THE INTERVIEW Ok, your resume has survived scrutiny and you have been asked to come in for an interview. Below are tips to ensure a successful interview whether your interview is with an employer or a placement agency. The interview is your opportunity to sell yourself. Your goal is to have the interviewer feel good about you and your ability to do the job.
- Be prepared for the interview by visiting the firm's website or doing whatever research you can to familiarize yourself with the firm's practice. Have some questions ready to ask the interviewer to show your interest in the firm and that you have done your homework.
- BE ON TIME! Arrive 10 to 15 minutes early. Being tardy is the best way to create a negative impression even before you walk through the door. - If you know you will be late, call the interviewer.
- Treat the receptionist and all support personnel like gold! You never know if the person at the front desk is a son or daughter of a client or partner in the business.

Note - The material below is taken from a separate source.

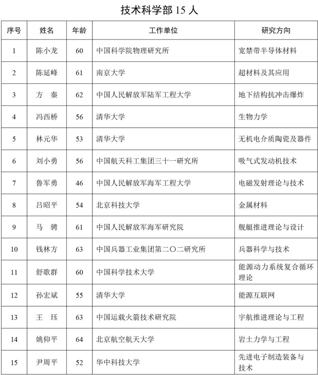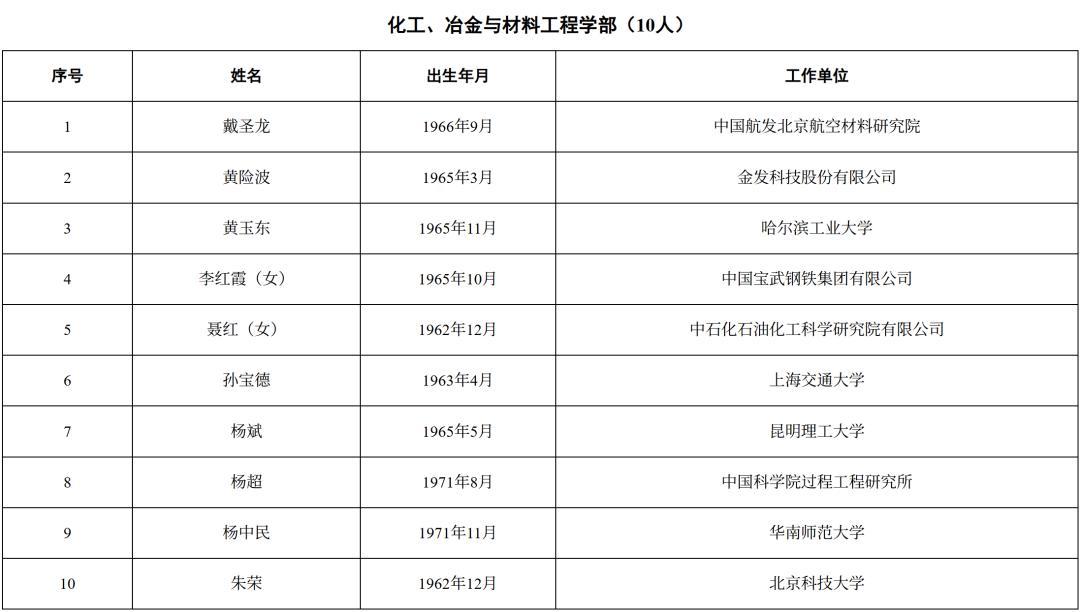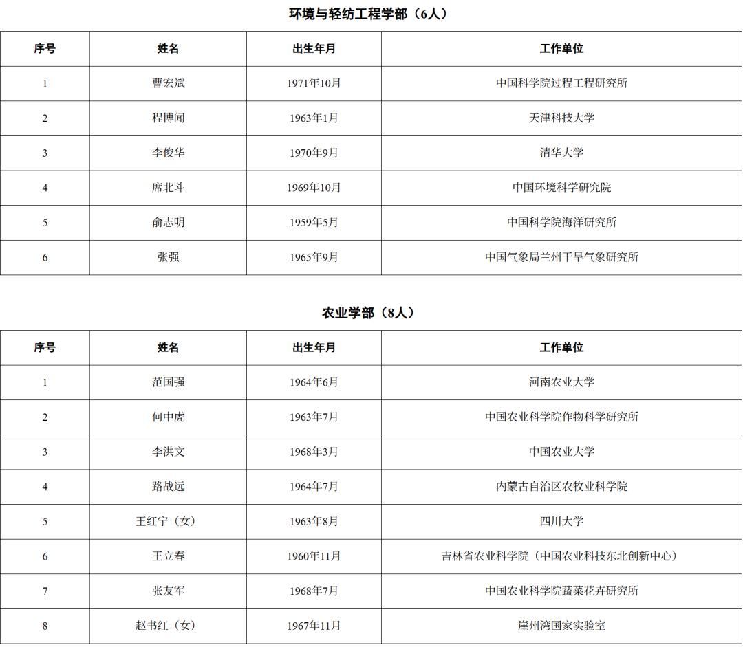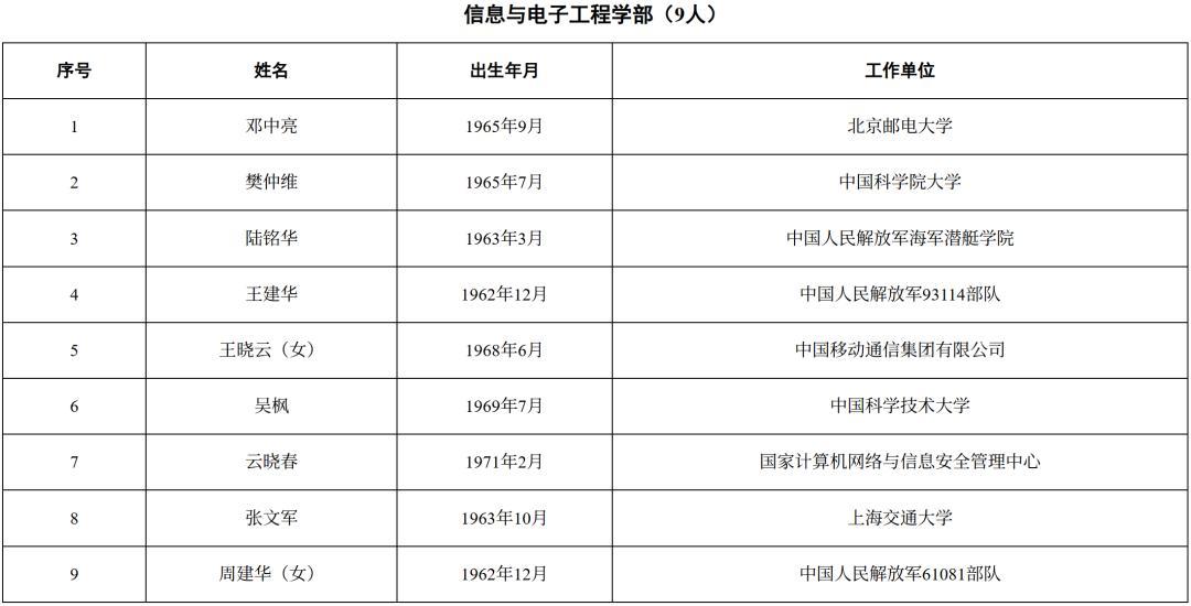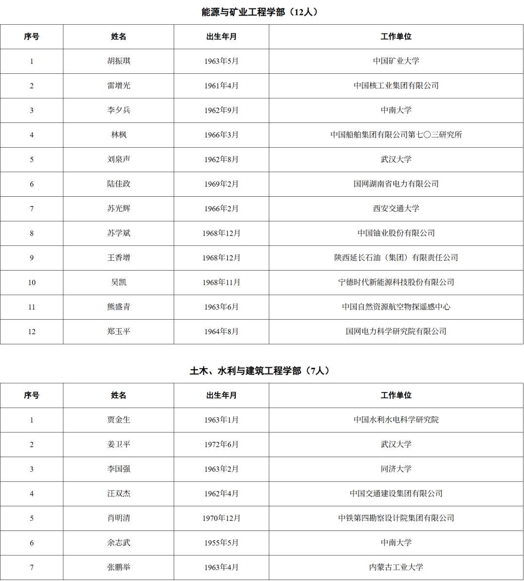 2025年新當選中國工程院院士名單

- Dress appropriately. Dress in a business suit or in other appropriate business attire regardless of whether the company is business casual every day. Dressing up for an interview shows that you are serious about the interview and want to make a good impression. Dress for the job you want, not the job you have.
- Bring a portfolio with extra copies of your resume, a list of references and your law school transcript together with a pen and paper to take notes.
- Listen attentively to your interviewer. It will minimize your follow-up questions at the end of the interview and give the interviewer a good idea of how well you listen.
- Be clear and concise with you responses. Do not monopolize the interview. Leave arrogant, cocky, and know-it-all attitudes at home.
- If you are working with a placement agency, call your recruiter with your impressions of the firm.
- Send a HANDWRITTEN THANK YOU NOTE to all of he people who interviewed you. Interviewing takes a lot of time from the schedules of the participants and a short, well-written note is a good way to remind them of your interest in their firm and of your candidacy. If you are unsure of the spelling or titles of any of the interviewers, either check the website or call the receptionist at the firm.
REMEMBER: The resume gets the interview; the interview gets the job.